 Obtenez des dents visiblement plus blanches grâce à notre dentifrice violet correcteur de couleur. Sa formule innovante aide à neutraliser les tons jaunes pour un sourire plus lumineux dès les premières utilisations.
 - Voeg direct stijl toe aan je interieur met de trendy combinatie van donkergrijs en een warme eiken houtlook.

==

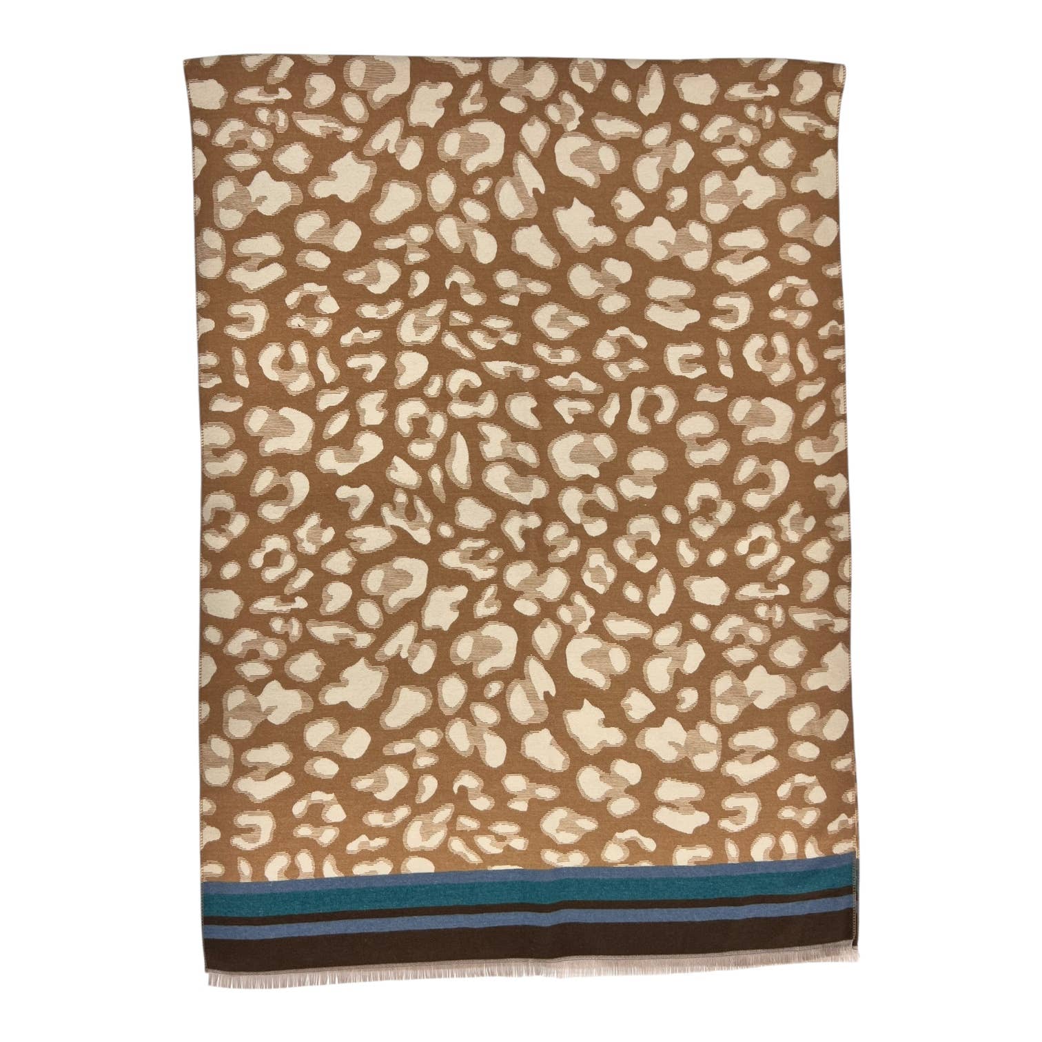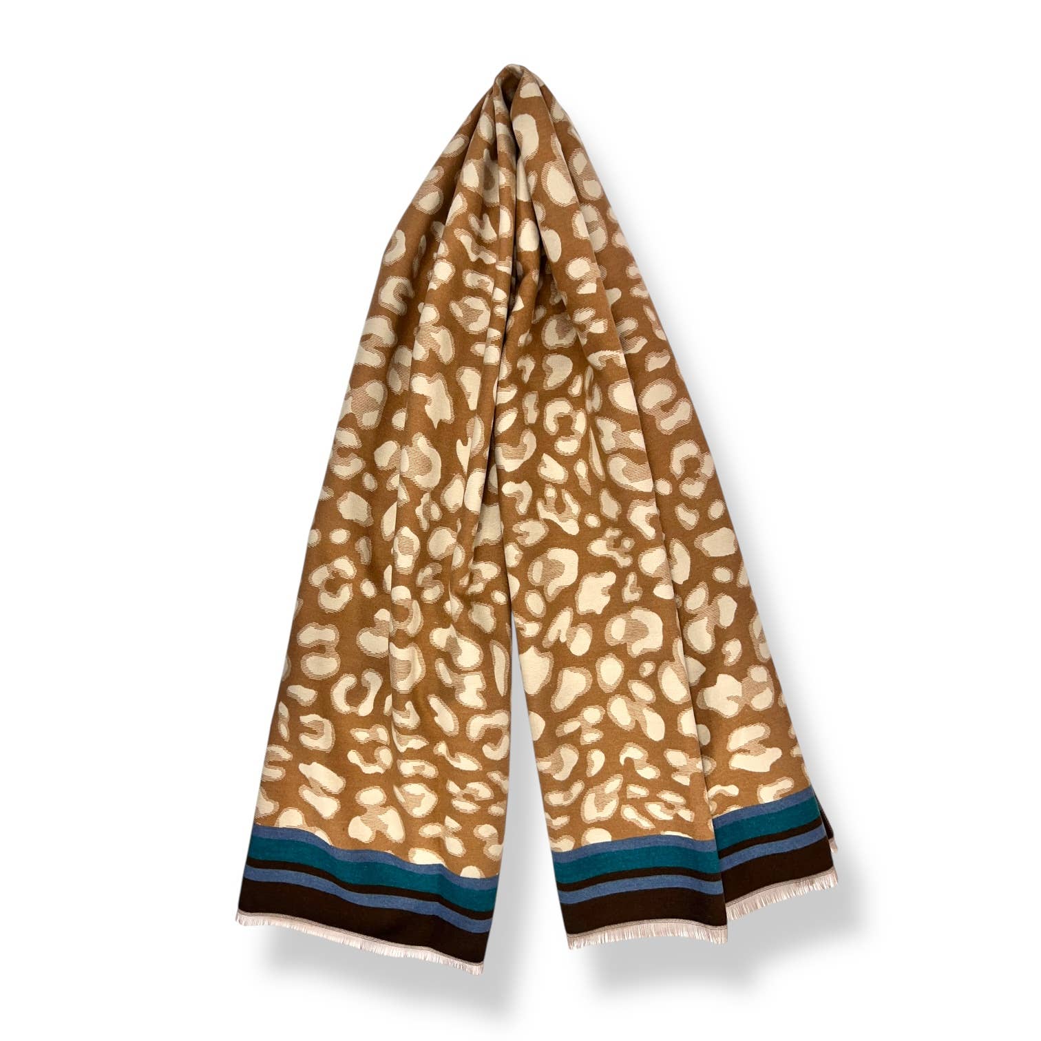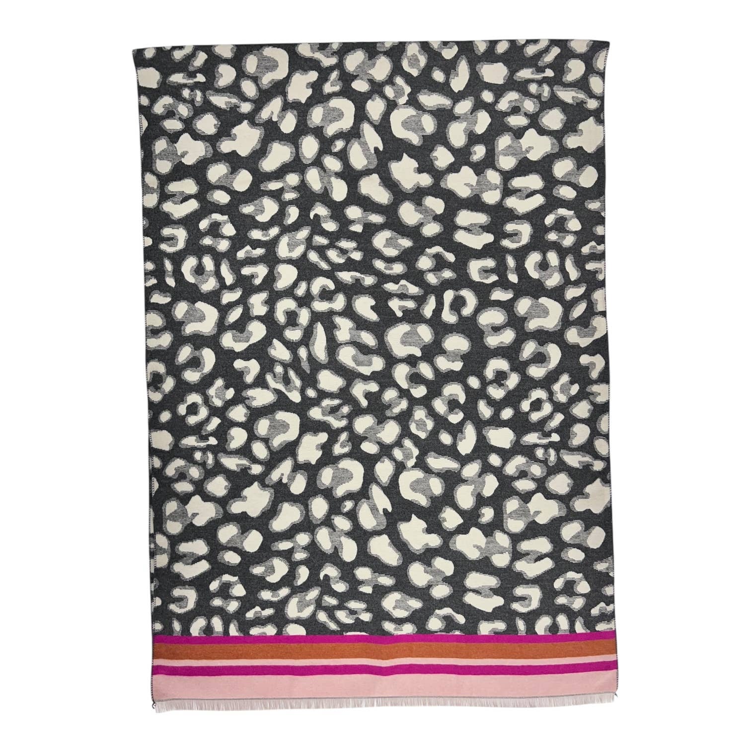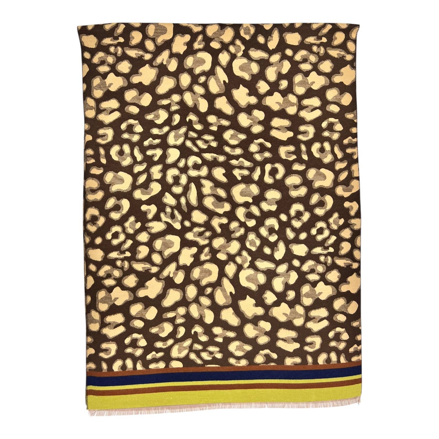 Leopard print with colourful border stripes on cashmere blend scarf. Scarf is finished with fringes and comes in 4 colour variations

• [To do]: The reply should consist solely of the lines above from the one that has "Obtenez des dents" through the one that has "- Voeg direct", reproduced exactly.

• [Answer]:
 Obtenez des dents visiblement plus blanches grâce à notre dentifrice violet correcteur de couleur. Sa formule innovante aide à neutraliser les tons jaunes pour un sourire plus lumineux dès les premières utilisations.
 - Voeg direct stijl toe aan je interieur met de trendy combinatie van donkergrijs en een warme eiken houtlook.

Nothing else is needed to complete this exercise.